#### THE DATA:

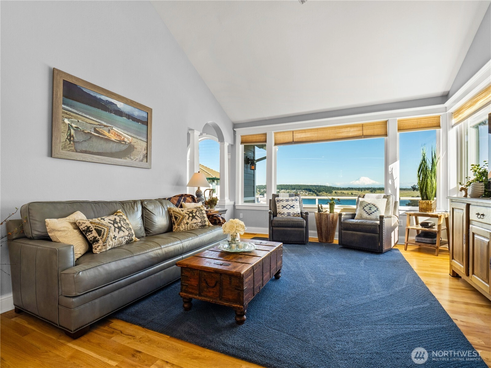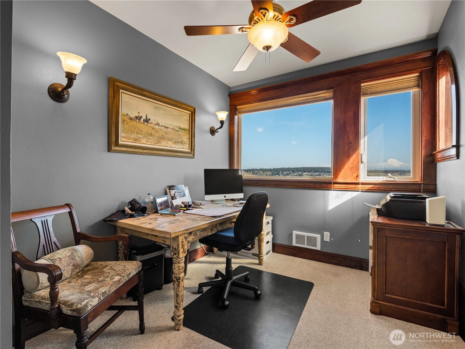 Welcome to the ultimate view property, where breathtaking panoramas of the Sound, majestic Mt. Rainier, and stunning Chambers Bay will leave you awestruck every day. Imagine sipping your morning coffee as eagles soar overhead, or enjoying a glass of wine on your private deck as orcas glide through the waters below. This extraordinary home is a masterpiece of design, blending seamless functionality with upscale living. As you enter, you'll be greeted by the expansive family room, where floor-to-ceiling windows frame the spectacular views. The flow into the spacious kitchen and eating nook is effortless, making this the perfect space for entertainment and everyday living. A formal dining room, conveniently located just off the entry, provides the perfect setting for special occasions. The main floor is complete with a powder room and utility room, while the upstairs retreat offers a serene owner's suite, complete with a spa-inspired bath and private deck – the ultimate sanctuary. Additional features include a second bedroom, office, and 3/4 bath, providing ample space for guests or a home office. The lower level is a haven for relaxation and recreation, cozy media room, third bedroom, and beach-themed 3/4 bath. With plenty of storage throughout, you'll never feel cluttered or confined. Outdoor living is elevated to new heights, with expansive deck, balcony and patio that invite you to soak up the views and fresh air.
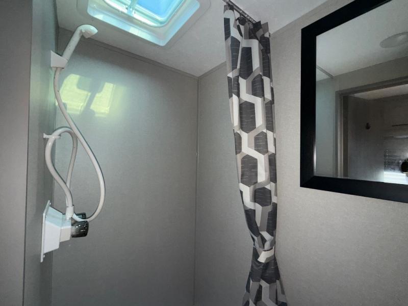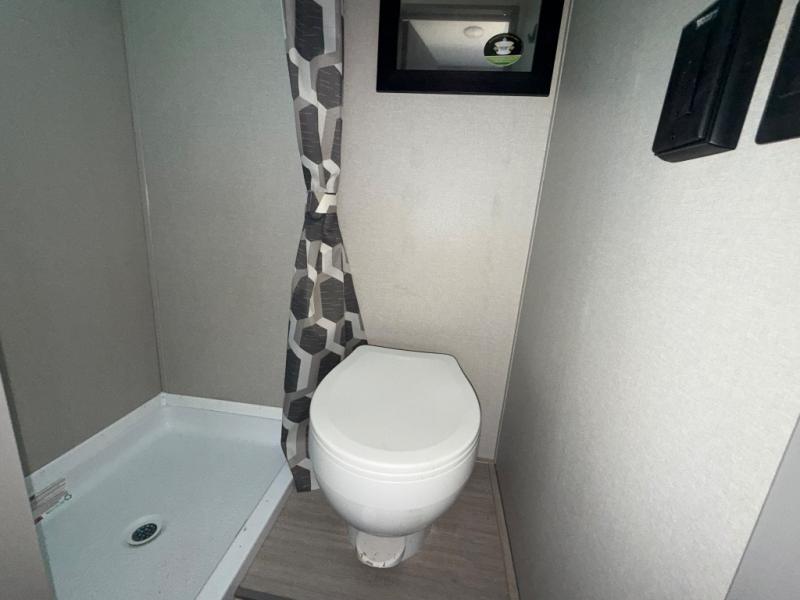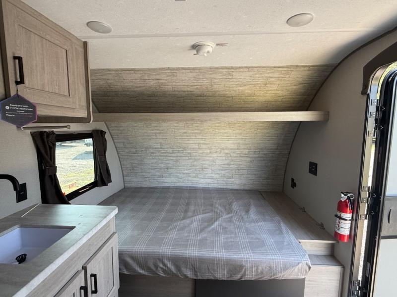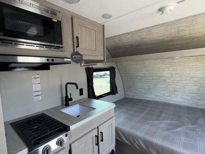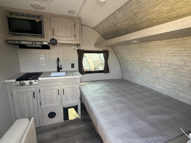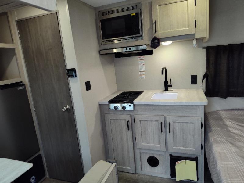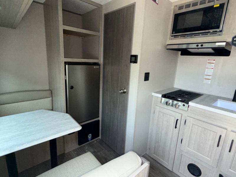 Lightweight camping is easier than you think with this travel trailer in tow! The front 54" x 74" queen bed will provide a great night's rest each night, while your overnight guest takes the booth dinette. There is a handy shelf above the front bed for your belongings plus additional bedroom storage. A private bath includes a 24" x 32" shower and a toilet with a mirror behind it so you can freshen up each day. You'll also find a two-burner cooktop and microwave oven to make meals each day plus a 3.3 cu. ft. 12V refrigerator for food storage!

---

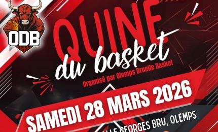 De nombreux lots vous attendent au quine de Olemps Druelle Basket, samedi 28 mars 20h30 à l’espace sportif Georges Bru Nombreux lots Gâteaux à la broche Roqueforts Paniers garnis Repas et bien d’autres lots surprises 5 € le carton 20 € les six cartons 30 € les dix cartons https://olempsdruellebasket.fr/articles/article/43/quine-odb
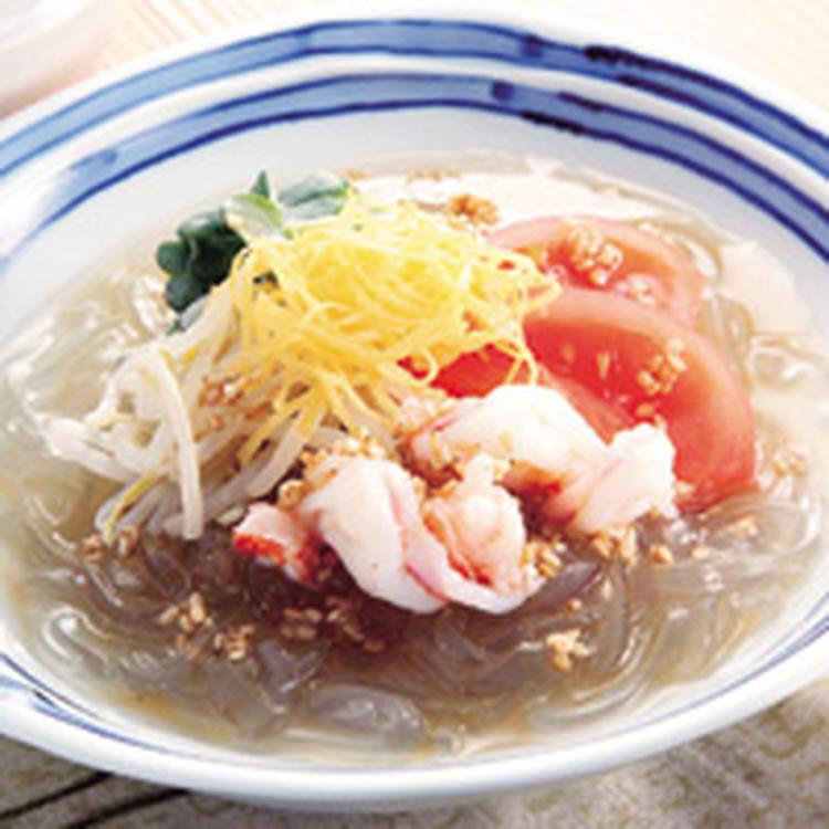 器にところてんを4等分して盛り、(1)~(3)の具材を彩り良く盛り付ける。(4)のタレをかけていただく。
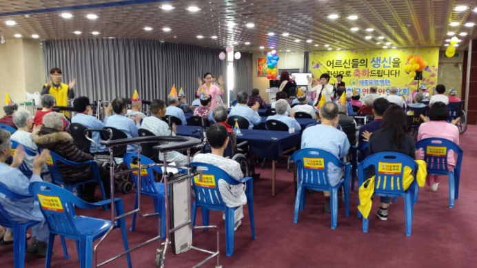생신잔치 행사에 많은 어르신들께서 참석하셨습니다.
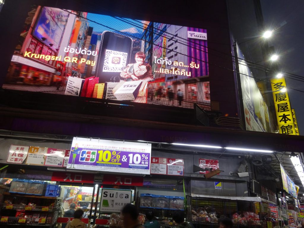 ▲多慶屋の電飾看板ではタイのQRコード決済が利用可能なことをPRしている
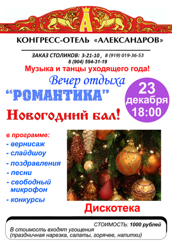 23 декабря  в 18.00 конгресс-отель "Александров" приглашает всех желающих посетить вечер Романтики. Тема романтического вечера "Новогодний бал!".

#### REQUIREMENT:
Leave out every picture, and copy exactly the lines above starting at the one holding "器にところてんを4等分して盛" and ending at the one holding "23 декабря  в", no more and no less.

#### TASK RESULT:
 器にところてんを4等分して盛り、(1)~(3)の具材を彩り良く盛り付ける。(4)のタレをかけていただく。
생신잔치 행사에 많은 어르신들께서 참석하셨습니다.
 ▲多慶屋の電飾看板ではタイのQRコード決済が利用可能なことをPRしている
 23 декабря  в 18.00 конгресс-отель "Александров" приглашает всех желающих посетить вечер Романтики. Тема романтического вечера "Новогодний бал!".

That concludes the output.